A government study provided ammunition Thursday to critics who argue that allowing surgeons to profit from implants they insert in patients leads to higher rates of surgery.
The rate of spinal surgery at hospitals that purchased implants from physician-owned distributorships, or PODs, grew more than three times as fast as it did at hospitals overall, the Office of Inspector General of the Department of Health and Human Services said in a report to Congress. The agency also found hospitals that purchased implants from PODs performed 28 percent more spinal surgeries than hospitals that didn’t.
The agency, which is responsible for oversight of the Medicare and Medicaid programs, also found that the implants sold by PODs cost the same as or more than devices sold by companies not owned by physicians, rebutting the main argument surgeons involved in PODs have used to defend them.
“My deep-seated skepticism that physician-owned distributors operate in the best interest of patients and save taxpayers money has been confirmed,” said Utah Sen.

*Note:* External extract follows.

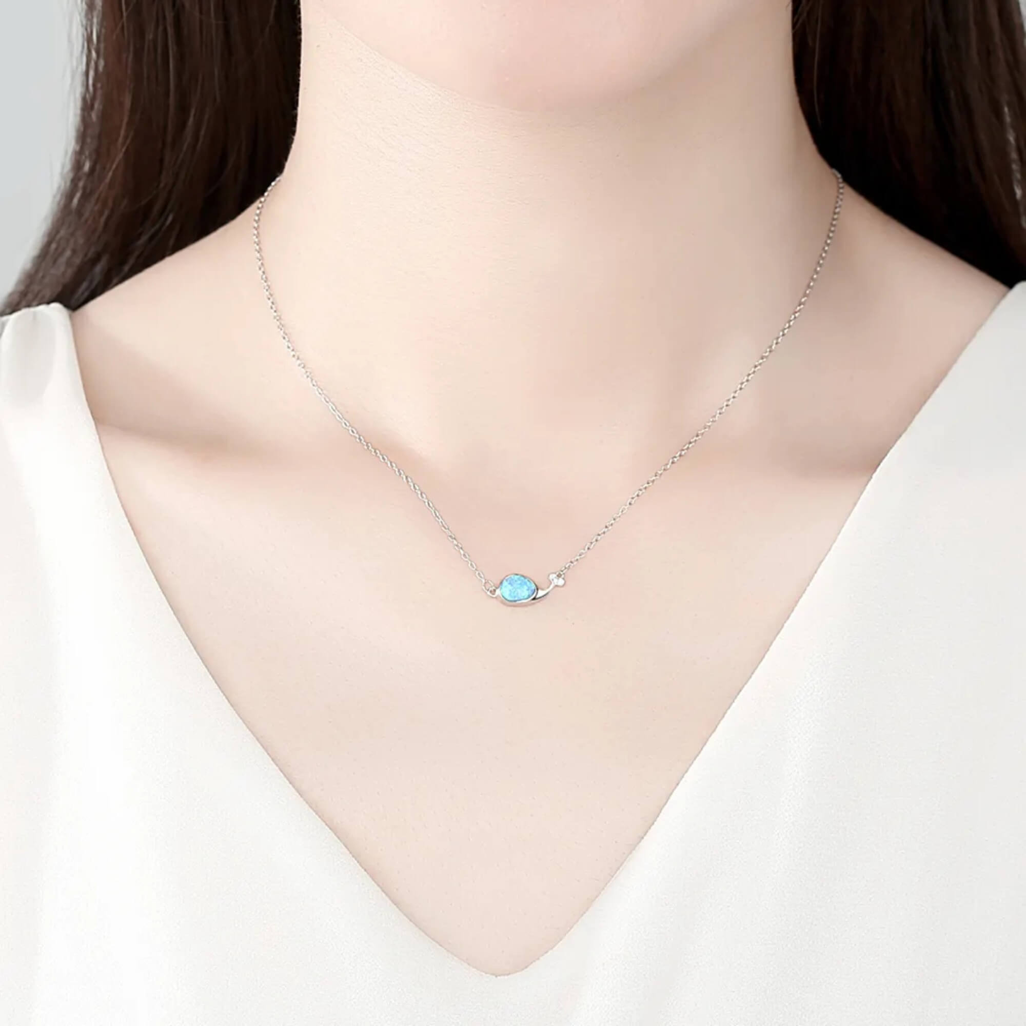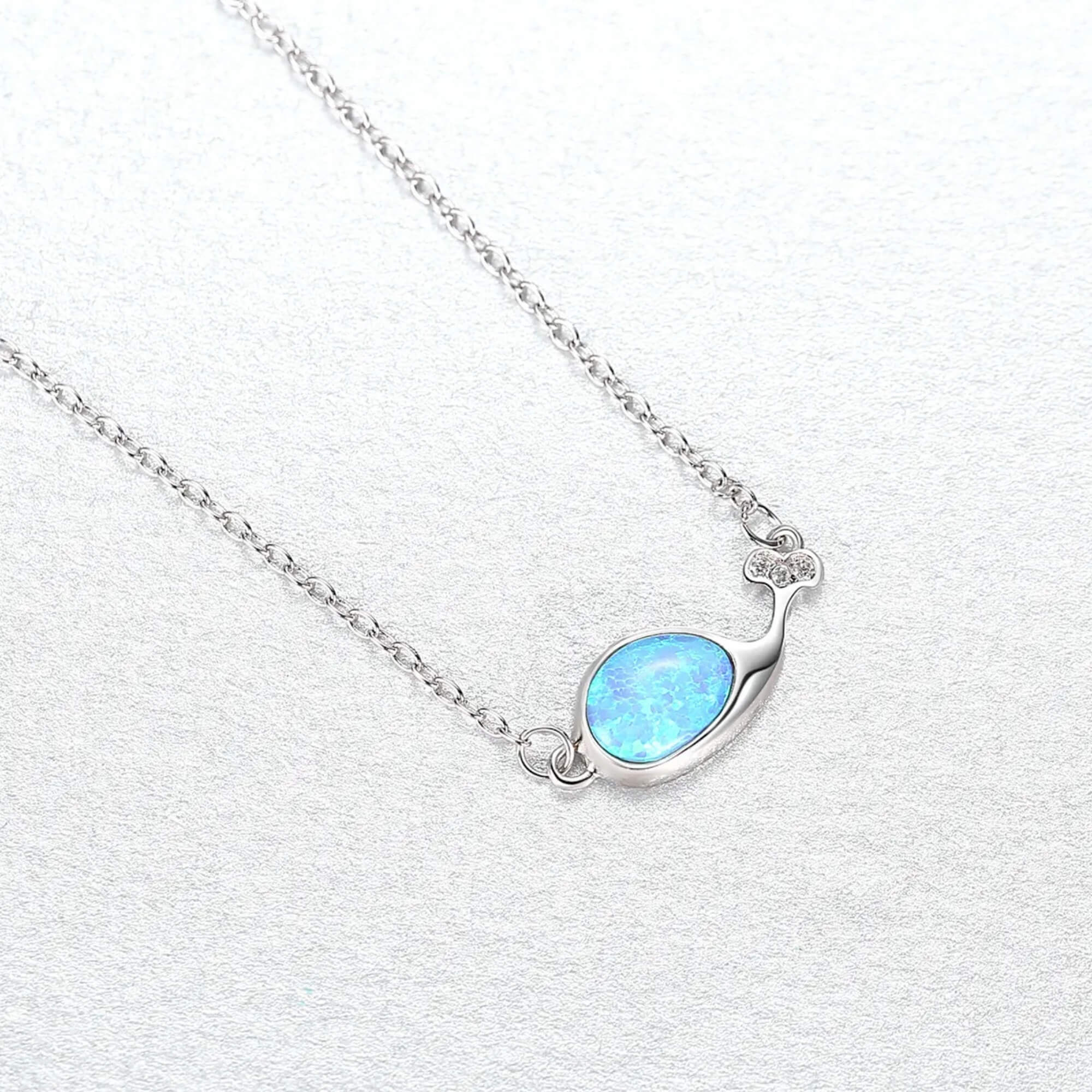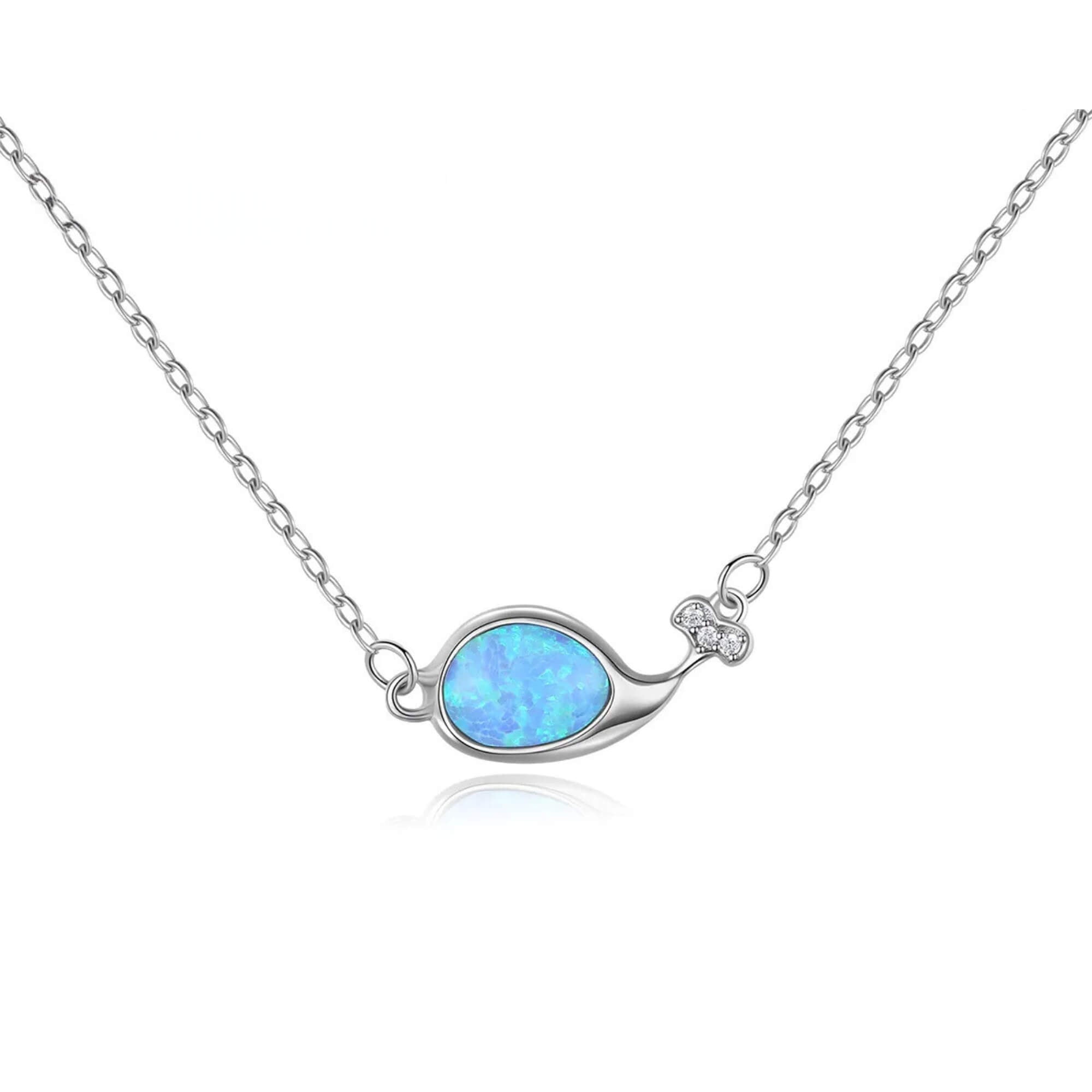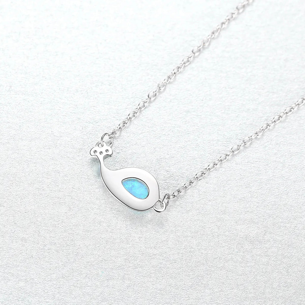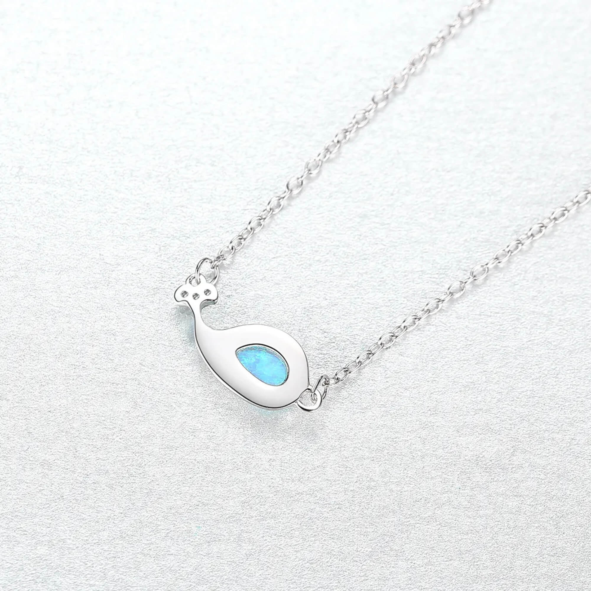 Sterling silver necklace featuring a delicate whale design, set with a captivating blue opal and accented with cubic zirconia stones on the tail. A symbol of freedom and serenity, this piece carries the calm and beauty of the sea, making it a charming choice for ocean lovers.

Orrin Hatch, the senior Republican on the Senate Finance Committee, which had requested the report.
Distributorships act as intermediaries between medical-device makers and hospitals: In exchange for marketing and stocking devices, they get a cut of each sale. When surgeons own the distributorship, that commission goes into their pockets. Since surgeons often dictate to their hospitals which devices to buy, surgeons involved in PODs can steer business to themselves.
PODs have proliferated and become part of the medical landscape: The agency found that they supplied implants for 19 percent of the spinal-fusion surgeries billed to Medicare in 2011, and that one-third of the hospitals it surveyed purchased medical devices from PODs.
The OIG report comes as the Justice Department continues to investigate a network of PODs called Reliance Medical Systems run by two former medical-device company employees, according to a person familiar with the matter.